Search code examples
elasticsearchlucene

Difference in elasticsearch index size with same data and number of documents


I have multiple elasticsearch clusters, every cluster has the same indices with the same data with the same number of documents. But there is a significant difference in the index size. I tried to use merge api but it's not helping. The issue is, because of this elasticsearch is eventually running out of space:

{
    "state": "UNASSIGNED",
    "primary": true,
    "node": null,
    "relocating_node": null,
    "shard": 3,
    "index": "local-deals-1624295772015",
    "recovery_source":
    {
        "type": "EXISTING_STORE"
    },
    "unassigned_info":
    {
        "reason": "ALLOCATION_FAILED",
        "at": "2021-08-18T19:14:20.472Z",
        "failed_attempts": 20,
        "delayed": false,
        "details": "shard failure, reason [lucene commit failed], failure IOException[No space left on device]",
        "allocation_status": "deciders_no"
    }
}

I have configured the elasticsearch cluster to not have more than 2 shards per node to improve the query performance.

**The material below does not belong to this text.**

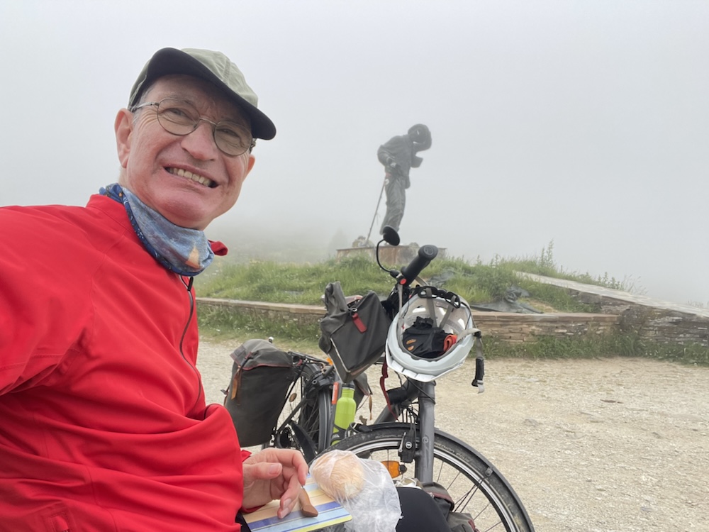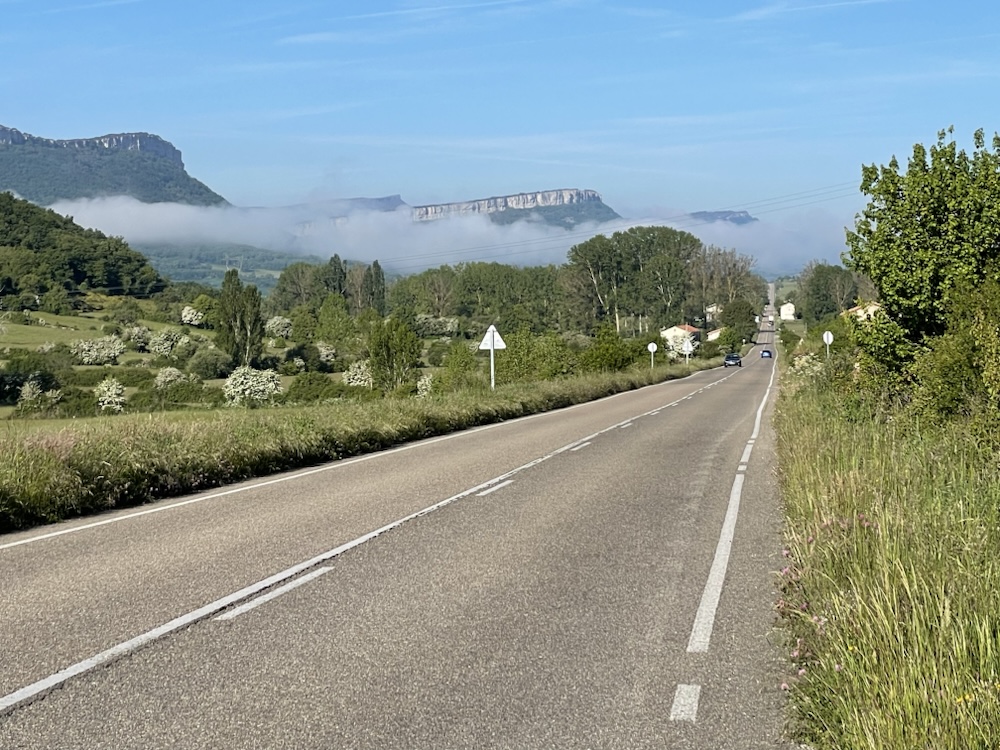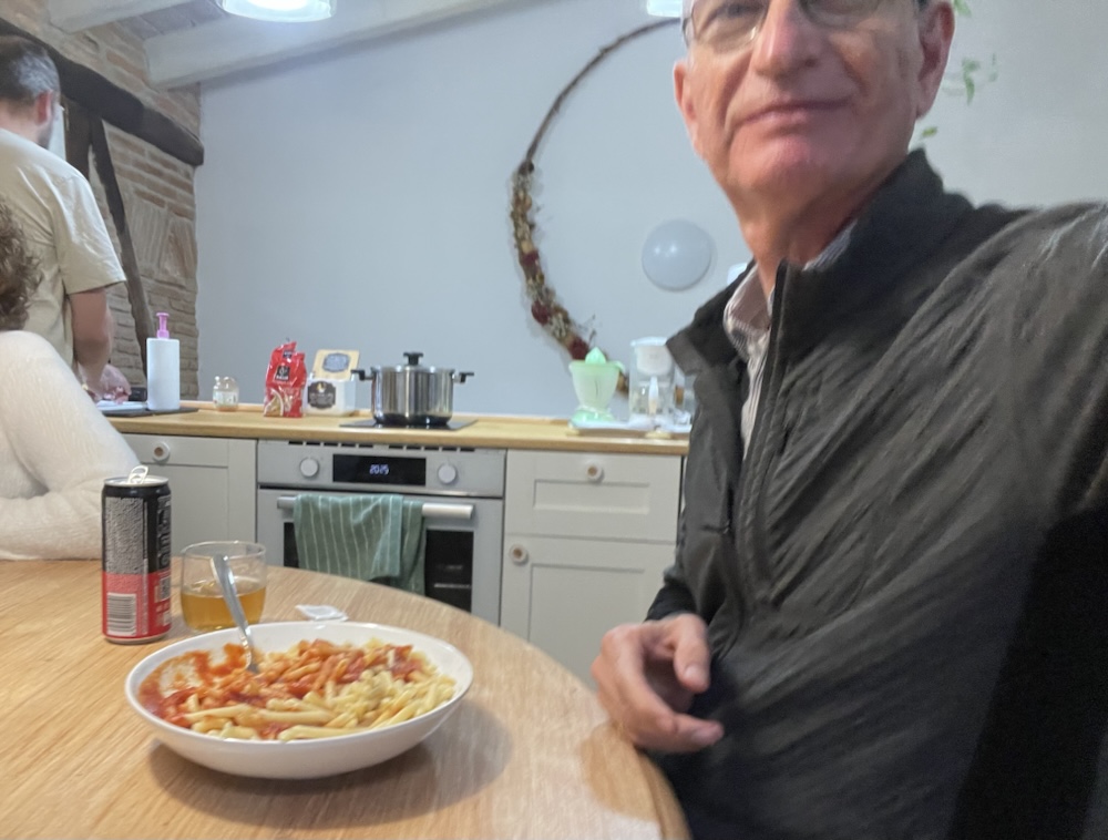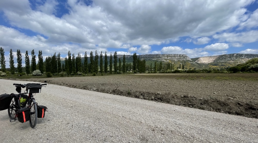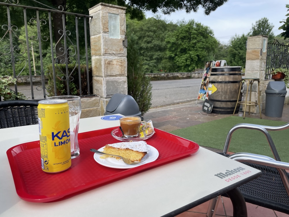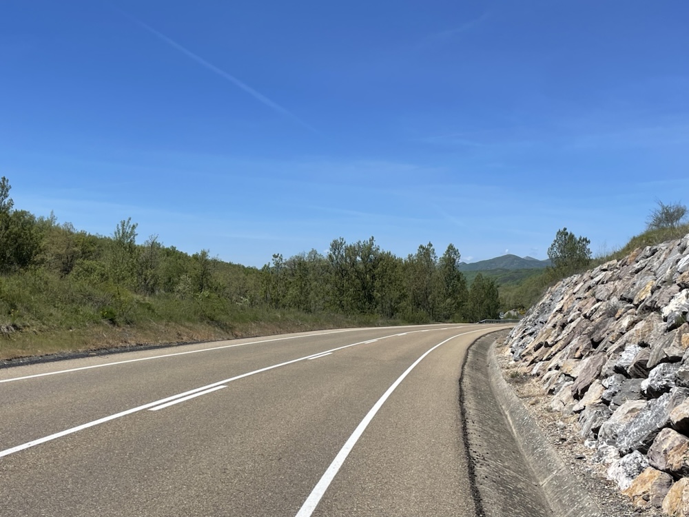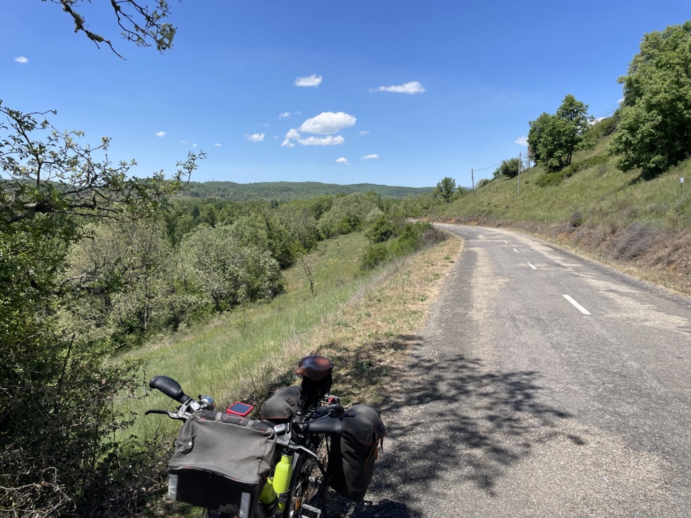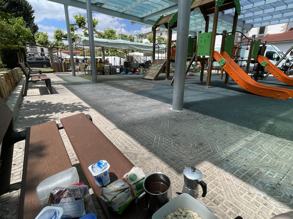 12.58 Uhr – Das erste Müsli, Rapunzel Original Müsli mit Apfelstücken und einem kleinen Naturjoghurt, war ganz vorzüglich. Inzwischen rasen wir durch die endlosen Baumplantagen der Les Landes auf dem Weg nach Dax. Durch diese Gegend sind wir vor zwei Jahren auf dem Weg nach San Sebastián lange geradelt, siehe Tour 2023.

Cluster-1: enter image description here

Cluster-2: enter image description here

Given these two clusters with the same documents, there is a difference of 90% in the index size which is not making sense to me. Can someone explain this behavior?

My quick fix is to increase the EBS volume.

Response to @Val's question: There are multiple documents that are marked for deletion.

"5": {
    "health": "yellow",
    "status": "open",
    "index": "local-deals-1624295772015",
    "uuid": "s7QDLtuhRN6HM_VwtVTB0Q",
    "pri": "6",
    "rep": "1",
    "docs.count": "8911560",
    "docs.deleted": "18826270",
    "store.size": "37gb",
    "pri.store.size": "19.9gb"
}

Solution

  • You can try to run _forcemerge indeed. It is not a blocking call, it triggers an asynchronous task that will run in the background until the job is done. You don't need to wait for the call to return in order to force merge segments.

    Also know that this will not remove all deleted documents, but a good deal of them depending on the ratio deleted/docs.

    You can find more info on the different merge settings in the MergePolicyConfig.java class.